Is this level of Discovery — fact finding — necessary in most cases? 

For example, you may want a divorce because you think your spouse has committed adultery, but they deny it.  A good divorce lawyer could use these tools to investigate and build a case.  Perhaps a lawyer could find, buried in your spouse’s credit card statements, a charge at a jewelry store for a necklace purchased for his paramour.  Wouldn’t that make for a great bit of courtroom drama?

“Sir, your credit card statement indicates a charge of $622.82 at Jones’ Jewelery Emporium on June 17 of last year.
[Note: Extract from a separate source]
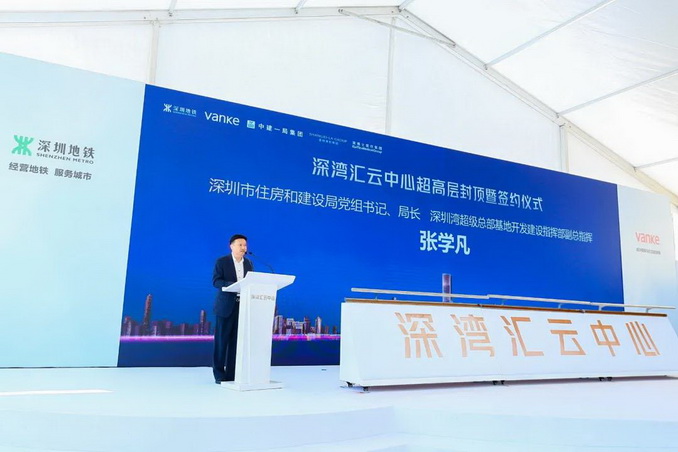 深圳市住房和建设局局长、党组书记、深圳湾超级总部基地开发建设指挥部副总指挥张学凡在致辞中表示,深圳湾超级总部基地是我市定位最高、分量最重、影响最大的重点片区之一,入驻的每一家企业都应该感到荣耀,参与开发建设的每个人都应该感到荣耀。作为代表深圳面向未来的城市新客厅,以打造全球城市“巅峰之作”,肩负起建设中国特色社会主义先行示范区和社会主义现代化强国城市范例样板的光荣使命为己任。希望参建各方以今天封顶仪式作为新起点,再接再厉、团结奋战,按照“巅峰之作”的目标要求,努力打造精品工程、样板工程、平安工程,为片区开发建设注入新的活力。
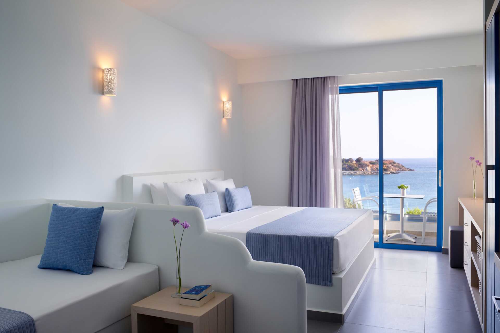 Great mid price hotel with probably the most friendly staff we've ever had in a holiday hotel ( apart from a very miserable girl serving at the pool bar ). Reception really helpful with anything you need, including a room to shower and change as we had a late flight back. The beach immediately below the hotel had crystal clear water but the guy was charging €25 for 2 beds and umbrella. The guy next to him was charging the same for 2 beds , no umbrella! And further down the beach the beds were €30+ . Do yourself a favour and walk round to Kavos beach further round the bay to the left ( you can go over the rocks and through the trees or its easy to actually walk along the edge of the sea - it doesn't get deeper than mid thigh) . The fabulous friendly and genuine greek guy was charging €10 for 2 beds with mattresses, umbrella and 2 bottles of water. He also has the taverna above the beach Amfilios which was open from 12 until around 10.30pm and was great authentic Greek fayre. As for the hotel room , we were lucky enough to be given a 2 bedroom apartment for the two of us and more storage than we've ever had anywhere including a full size ironing board and iron. My husband had been quite ill last year and we had to wait until he had finished all his treatment before we could finally get away on holiday and the hotel was nice and chilled out, although there seemed to be a lot of larger family groups arrive with lots of children in the 2nd week so we spent every day on the beach rather than by the pool. My one small criticism would be the towels are really small and barely fit around you. Otherwise its a great hotel and you can also use the facilities at the 2 sister hotels .

What did you purchase at Jones’ Jewelery Emporium for $622.82? Was it a necklace for your lover?!"

Another example is for the review of financial records.  In some cases, one spouse may be untruthful about the assets he or she may have.  An attorney can subpoena records and ‘follow the paper trail’ to locate missing assets held by a scheming spouse.  Again, the scene of a divorce lawyer confronting your spouse over a hidden multi-million dollar offshore account is that of a courtroom drama — not one typically set in reality.  

In reality, in the vast majority of cases, each party knows (or can easily ascertain) the assets and values included in the martial estate (the sum of the assets owned by the parties that are ‘marital property’).  In most cases, the factual issues–who’s at fault for the divorce, the existence and value of certain assets– are not in such dispute as to warrant the cost, time, and headache of a contested divorce case.  After a divorce lawyer has subpoenaed every record, reviewed every bank statement, obtained expert opinions for the values of certain assets, they will of course send you an invoice for their time, often totalling $15,000 or more.

At Maryland Divorce Mediators, we take a different approach.  If you and your spouse can ‘agree to disagree’ — to agree to be open and forthcoming in the negotiation and resolution of your divorce — there is no need for the vast expense of the legal Discovery process.  

By utilizing a divorce mediator, you and your spouse can resolve these factual issues privately and in a matter of a few weeks, rather than allowing a lengthy and costly court process to play out.